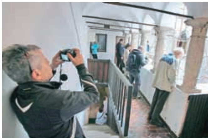
V atriju rotovža še stojijo gradbeni odri.
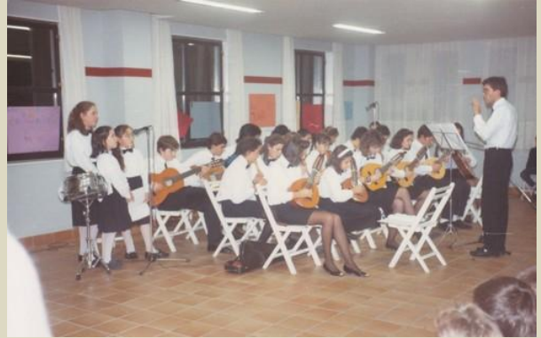
19/11/1989 A rondalla no Centro Civico do Castrillón
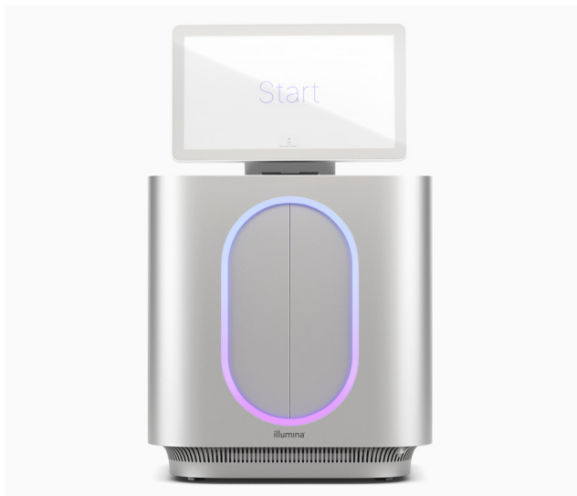
Figura 1: MiSeq i100 Sequencing System y MiSeq i100 Plus Sequencing System: la innovación de Illumina continúa ampliando el acceso a la NGS con sistemas de sobremesa diseñados para la simplicidad y la velocidad.

En Illumina, situamos la experiencia del cliente en el centro de cada innovación, facilitando todo lo posible la preparación de librerías, la secuenciación y el análisis de datos. Se han optimizado todos los aspectos del flujo de trabajo de MiSeq i100 Series para reducir al mínimo el tiempo y los recursos necesarios para realizar los proyectos (figura 2). MiSeq i100 System y MiSeq i100 Plus System ofrecen un flujo de trabajo simplificado con una configuración del experimento completa en solo tres pasos y en menos de 20 minutos.
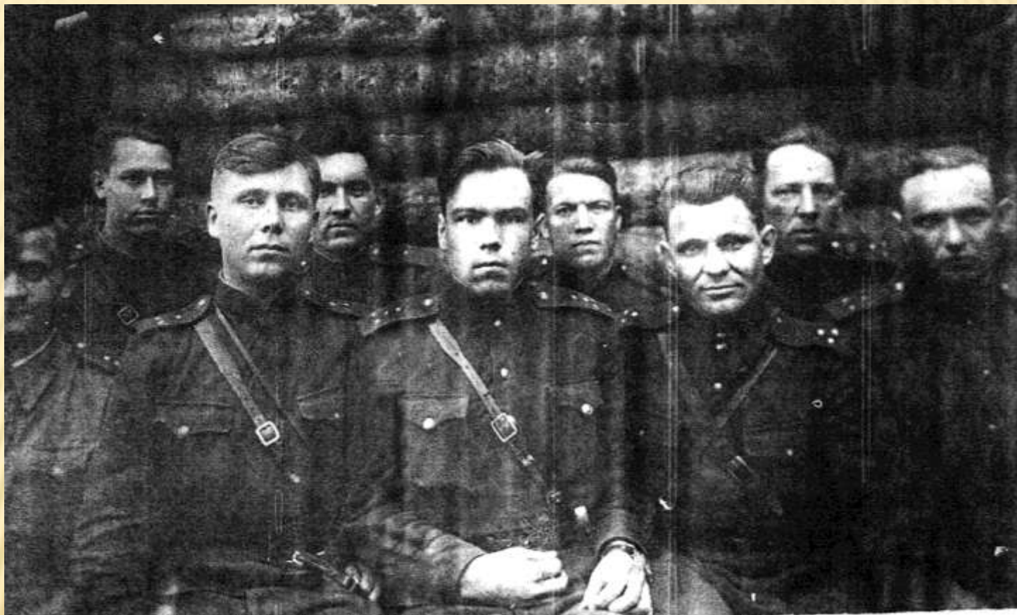
1943 год - Волховский фронт
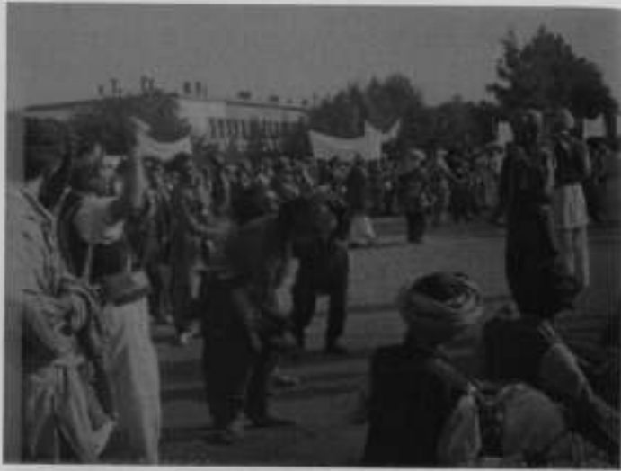
پختونستان کا جشن اور قومی انٹرا (رقص)۔
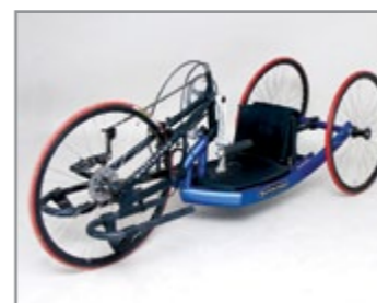
Antaras Junior: Justerbar håndcykel til børn og unge. Liggende eller siddende kørestilling
──────────────────────────────
The problem: Restating the data word for word is the task, and pictures are to be omitted.

The answer:
V atriju rotovža še stojijo gradbeni odri.
19/11/1989 A rondalla no Centro Civico do Castrillón
Figura 1: MiSeq i100 Sequencing System y MiSeq i100 Plus Sequencing System: la innovación de Illumina continúa ampliando el acceso a la NGS con sistemas de sobremesa diseñados para la simplicidad y la velocidad.

En Illumina, situamos la experiencia del cliente en el centro de cada innovación, facilitando todo lo posible la preparación de librerías, la secuenciación y el análisis de datos. Se han optimizado todos los aspectos del flujo de trabajo de MiSeq i100 Series para reducir al mínimo el tiempo y los recursos necesarios para realizar los proyectos (figura 2). MiSeq i100 System y MiSeq i100 Plus System ofrecen un flujo de trabajo simplificado con una configuración del experimento completa en solo tres pasos y en menos de 20 minutos.
1943 год - Волховский фронт
پختونستان کا جشن اور قومی انٹرا (رقص)۔
Antaras Junior: Justerbar håndcykel til børn og unge. Liggende eller siddende kørestilling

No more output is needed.